REQUIRED ACTION -> A faithful transcription of all the data, images excluded, is the required answer.

GIVEN INFORMATION ->
=== Begin Enclosure ===

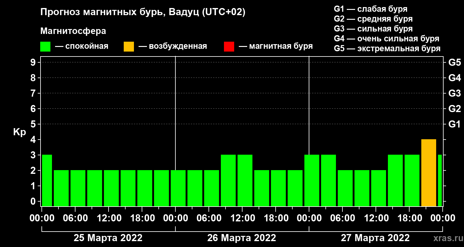 Прогноз магнитных бурь в Вадуце на 25 марта 2022 года
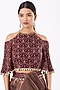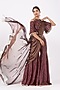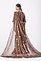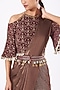 Featuring a brown cold-shoulder blouse in georgette base with bell sleeves. It is paired with matching chinon silk palazzo pants, an attached organza tissue drape having leather motifs, and a belt having embroidery.
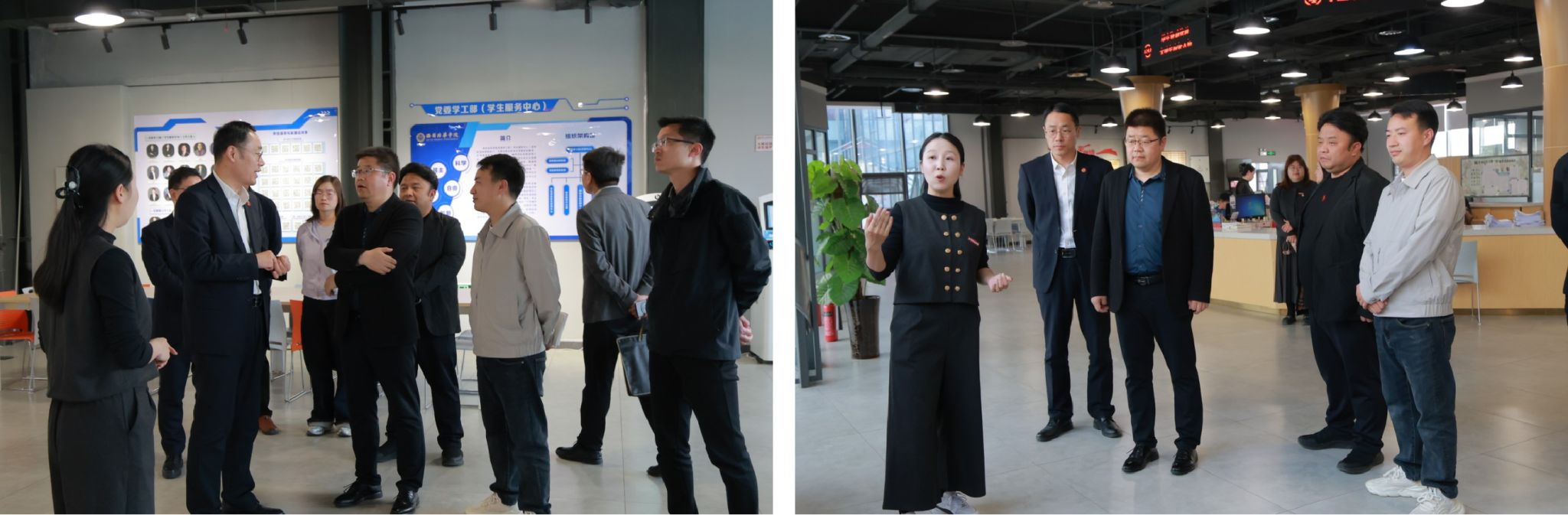 来宾一行依次参观了培华恒友楼“一站式”学生服务大厅、陕西省心理健康教育与咨询示范中心、职业生涯与就业指导智慧功能体验馆、笃行学生社区10号楼、学生社区多功能室、“雏鹰”工作室等,深入了解我校的学生工作开展情况,并共同探讨新时代学生工作的创新发展理念与举措。
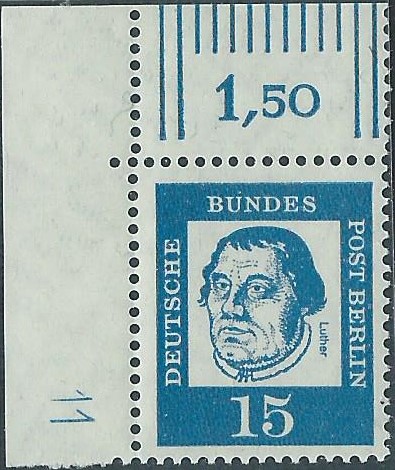 Die Wertstufe 15 Pf mit DZ 4 aus der rechten oberen Bogenecke:

=== End Enclosure ===

ANSWER TO THE PROBLEM ->
 Прогноз магнитных бурь в Вадуце на 25 марта 2022 года
 Featuring a brown cold-shoulder blouse in georgette base with bell sleeves. It is paired with matching chinon silk palazzo pants, an attached organza tissue drape having leather motifs, and a belt having embroidery.
 来宾一行依次参观了培华恒友楼“一站式”学生服务大厅、陕西省心理健康教育与咨询示范中心、职业生涯与就业指导智慧功能体验馆、笃行学生社区10号楼、学生社区多功能室、“雏鹰”工作室等,深入了解我校的学生工作开展情况,并共同探讨新时代学生工作的创新发展理念与举措。
 Die Wertstufe 15 Pf mit DZ 4 aus der rechten oberen Bogenecke:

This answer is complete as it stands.